Pareció una explicación perfectamente razonable. Estamos
naturalmente predispuestos a pensar en términos de marcapasos,
mientras hablamos sobre hongos, sistemas políticos o de nuestros
propios cuerpos. Nuestras acciones parecen estar dirigidas en su mayor
parte por células marcapasos en nuestros cerebros y durante
milenios hemos construido células marcapasos elaboradas en
nuestras organizaciones sociales, ya sea en forma de reyes, dictadores
o consejeros. Gran parte del mundo que nos rodea puede explicarse
en términos de sistemas de ordenes y jerarquías - ¿por
qué debería ser diferente para el moho del lodo?

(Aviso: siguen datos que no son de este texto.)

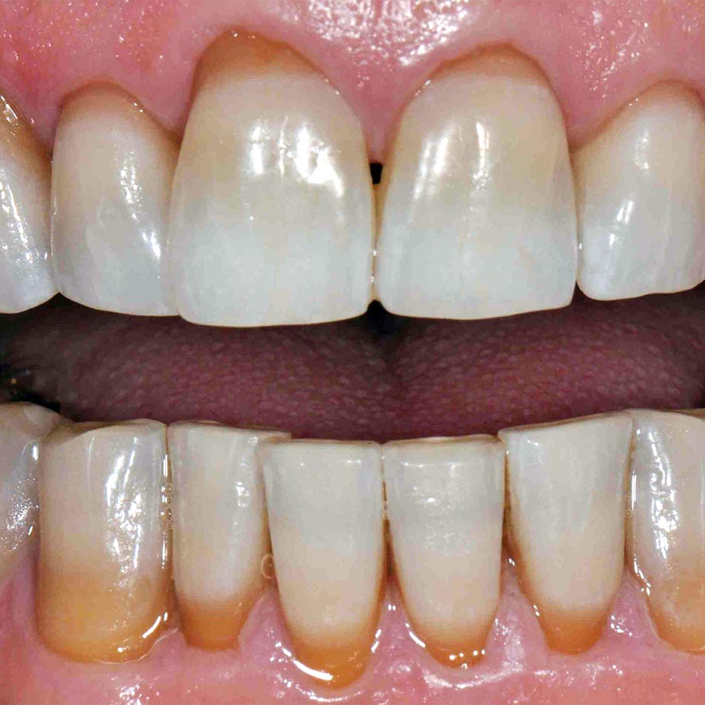 나이가 들면 얇아진 법랑질을 통해 짙어진 상아질의 색상이 투영되면서 치아는 전체적으로 어둡고 누런색을 띠게 됩니다.

Pero la teoría de Shafer tenía un pequeño problema:
nadie pudo encontrar los marcapasos. Mientras que todos los observadores
coincidieron en que efectivamente las ondas de AMP cíclico
fluyeron en toda la comunidad del moho antes de la agregación,
todas las células de la comunidad eran efectivamente intercambiables.
Ninguna de ellas poseía una característica diferenciable
que podría elevarla a la condición de marcapasos. La
teoría de Shafer había supuesto la existencia de una
monarquía celular que comandaba a las masas, pero como se observó,
todas las células del moho del lodo fueron creadas iguales.

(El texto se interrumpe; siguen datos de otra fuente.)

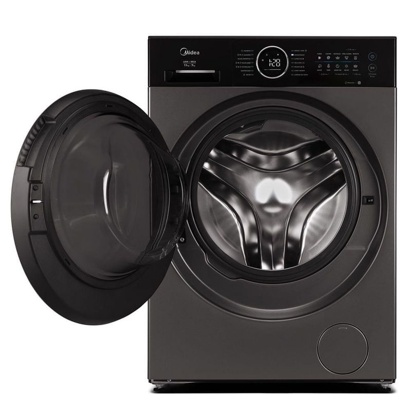 Lava E Seca 11kg Titanium Slim Storm Wash Conectada Midea MF210D110WB/GK-02 220VA Lava e Seca 11kg Titanium Slim Storm Wash Conectada Midea tem um Design Perfect Fit, que se encaixa perfeitamente em qualquer espaço, sem abrir mão da capacidade e da eficiência na lavagem.Com conectividade avançada, permite controlar diversas funções pelo aplicativo SmartHome ou por comando de voz com Alexa e Google Google Home. Você ainda recebe notificações, acessa programas exclusivos, como a Função Especialista, que recomenda o melhor ciclo de lavagem com base no tipo de roupa, cor e nível de sujeira, monitora o consumo de água e energia, e muito mais.Além disso, a tecnologia Storm Wash combina diversos fluxos de água e sabão, que penetram profundamente as fibras dos tecidos e removem até as manchas mais difíceis. ATENÇÃO: ESTA LOJA NÃO FATURA PARA CNPJ.Design Perfect Fit: Se adapta a todos os ambientes, ideal para espaços pequenos. O tamanho reduzido e o acabamento moderno garantem o encaixe perfeito.Storm Wash: 5 potentes fluxos de água e sabão, que penetram profundamente as fibras dos tecidos e removem até as manchas mais difíceis.Conectividade via aplicativo SmartHome: Controle sua Lava e Seca de onde estiver, inclusive por comando de voz (Alexa e Google Home).Origem: ImportadoProduto Altura (cm): 85 cmProduto Profundidade (cm): 53,5 cmProduto Largura (cm): 59,5 cmProduto Peso (kg): 66 kgConteúdo HTML:Produto Embalado Altura (cm): 88,5 cmProduto Embalado Peso (kg): 71 kgProduto Embalado Largura (cm): 68 cmProduto Embalado Profundidade (cm): 66,5 cmVariação: 11KgCor: TitaniumCapacidade total: 11KgCapacidade de secagem: 7kgProduto conectado: SimInverter: SimInteligência Artificial: NãoWifi: SimCompatível com o Aplicativo Midea: SimCompatível com Alexa e Google: SimTipo: Lava e Seca Front Loading AutomáticaAcesso ao cesto: FrontalMaterial interno (cesto): Aço inoxMaterial externo: Plástico / Aço / VidroCor da cabine: TitânioCor da porta: PretaCor interna: InoxProgramas (quantidade): 14 + 5 no APPProgramas: Favorito | Algodão | Roupa Esportiva | Roupa Bebê | Esterilizar | Centrifugação | Secar | Rápido 15'|60' | Desodorizar | Super Eco | Delicado/Lã | Pesado | Cama/Banho | Limpeza do CestoCiclos disponíveis: Pré-lavagem | Lavagem | Enxágue | Centrifugação | SecagemAcompanhamento dos estágios de ciclo: SimFunções (quantidade): 14Funções: Turbo | Centrifugar | Enxágue+ | Nível de sujeira | Favorito | Remoto | Vapor | Travar | Temperatura | Adiar fim | Secar | Pré-lavagem | Molho | + RoupasModo Desodorizar: SimFunção incluir roupas: SimTecla nível de sujeira: NãoTecla iniciar pausar: SimPainel: Touch + Botão LunarTrava no painel: SimDisplay: LEDCor do display: Azul e BrancoTipo de trava: EletrônicoPés ajustáveis: SimPainel com aviso de erro: SimRange de Temperatura: 127V: Água fria: 20°C: 30°C: 40°C: 50°C: 60°C/ 220V- Água fria: 20°C: 30°C: 40°C: 60°C: 90°CVelocidade de centrifugação (rpm): 1400 RPMTimer: SimTipo do Motor: BLDCLuz no cesto: SimFiltro: SimDispenser: Sabão e amacianteTipo de água: Fria e quenteConsumo de Energia: Água Fria (kWh/ciclo) (127v): 0,25Consumo de Energia: Água Fria (kWh/ciclo) (220v): 0,27Consumo de Energia: Água Quente (kWh/ciclo) (127v): 1,64Consumo de Energia: Água Quente (kWh/ciclo) (220v): 1,7Eficiência de Lavagem: Água Fria (127v): 0,91Eficiência de Lavagem: Água Fria (220v): 0,91Eficiência de Lavagem: Água Quente (127v): 0,96Eficiência de Lavagem: Água Quente (220v): 0,99Consumo de Água (L/ciclo) (127v): 67,0Consumo de Água (L/ciclo) (220v): 61,0Selo Procel: SimFrequência (Hz): 60HzPotência (W) (220v): 60HzTipo de tomada: 10 APotência Sonora (Nível de Ruído) (dB(A)): 76ENCE: SimItens inclusos na embalagem: Máquina de lavar | Mangueira de entrada de água | Tampões de fechamento | Suporte para mangueira de saída de água | Protetor para rato | Manual do usuárioGarantia do Produto: 24 mesesCódigo do Produto: MF210D110WB/GK-01.MF210D110WB/GK-02Tipo de Máquina de Lavar: AutomáticaMarca: MideaTipo de Carga: FrontalCapacidade da Máquina de Lavar: 11 kg

Durante los veinte años siguientes a la publicación
del ensayo original de Shafer, los micólogos supusieron que
las células del marcapasos que no se habían encontrado
indicaban la obtención insuficiente de datos, o experimentos
mal diseñados: Los generales estaban allí en algún
lugar de la mezcla, suponían los eruditos - simplemente todavía
no sabían como eran sus uniformes. Pero Keller y Segel hicieron
otro acercamiento, más radical. El trabajo de Turing sobre
la morfogénesis había bosquejado un modelo matemático
en el cual simples agentes que seguían reglas simples podían
generar estructuras sorprendentemente complejas; quizás la
agregación de las células del moho del lodo eran un
ejemplo del mundo real sobre ese comportamiento. Turing se había
dedicado fundamentalmente a las interacciones entre células
de un único organismo, pero era perfectamente razonable suponer
que la matemática funcionaría para agregaciones de células
que flotaran libremente. Y así Keller comenzó a pensar:
¿Qué ocurriría si Shafer estaba equivocado? ¿Qué
ocurriría si la comunidad de células del moho del lodo
se organizaba a sí misma? ¿Qué ocurriría
si no hubiera marcapasos?.
La corazonada de Keller y Segel dio resultado dramáticamente.

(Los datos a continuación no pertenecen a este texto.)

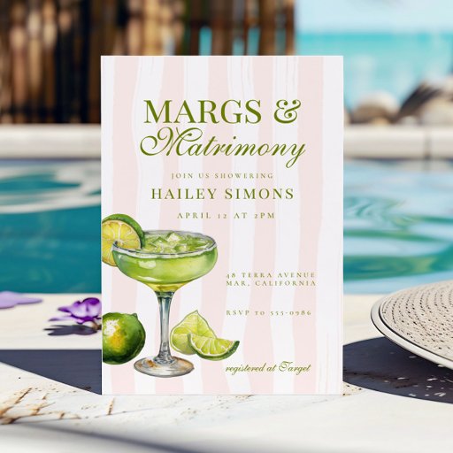 Add a festive touch to your celebration with this Margs & Matrimony Margarita Bridal Shower Cards & Gifts Sign, perfect for guiding guests to place their cards and presents. Featuring light pink stripes and a watercolor margarita with fresh lime slices, this cheerful design is ideal for bridal showers, bachelorette parties, and margarita-themed celebrations. Available as an instant download PDF for easy printing or professionally printed and shipped by Zazzle for a polished party display.

Mientras que carecían de las herramientas de visualización
avanzadas de las computadoras actuales, los dos garabatearon una serie
de ecuaciones usando papel y lápiz, ecuaciones que demostraron
de qué manera las células del moho podían desencadenar
la agregación sin seguir a un líder, simplemente alterando
la cantidad de AMP que liberaban individualmente, luego siguiendo
las trazas de la feromona que habían encontrado mientras vagaban
en su ambiente. Si las células del moho bombeaban suficiente
AMP cíclico, comenzarían a formarse agrupaciones de
células. Estas comenzarían a seguir la trazas creadas
por otras células, creando un anillo de retroalimentación
positiva que estimularía a más células a reunirse
al grupo. En un trabajo publicado en 1969, Keller y Seguel argumentaron
que si cada célula simplemente liberara AMP cíclico
en base a su propia evaluación local de las condiciones generales,
la gran comunidad de moho del lodo podría muy bien poder agregarse
en base a los cambios generales del ambiente - todo esto sin una célula
marcapasos que les diera una orden.
"La respuesta fue muy interesante," dice Keller ahora. "para
cualquiera que hubiera entendido las matemáticas aplicadas,
o hubiera tenido una experiencia en la dinámica de los fluidos,
esto era algo conocido para ellos. Pero para los biólogos,
no tenía sentido. Hubiera dado seminarios a biólogos
y hubieran dicho, '¿Y bien?¿Adónde está
la célula fundadora? ¿Adónde está el marcapasos?'
No les hubiera producido ninguna satisfacción." Efectivamente,
la hipótesis del marcapasos continuaría como modelo
reinante durante otra década, hasta que una serie de experimentos
demostraran en forma convincente que las células del moho del
lodo se organizaban desde abajo. "Es sorprendente para mí
qué difícil es para la gente pensar en términos
de fenómenos colectivos," dice Keller actualmente.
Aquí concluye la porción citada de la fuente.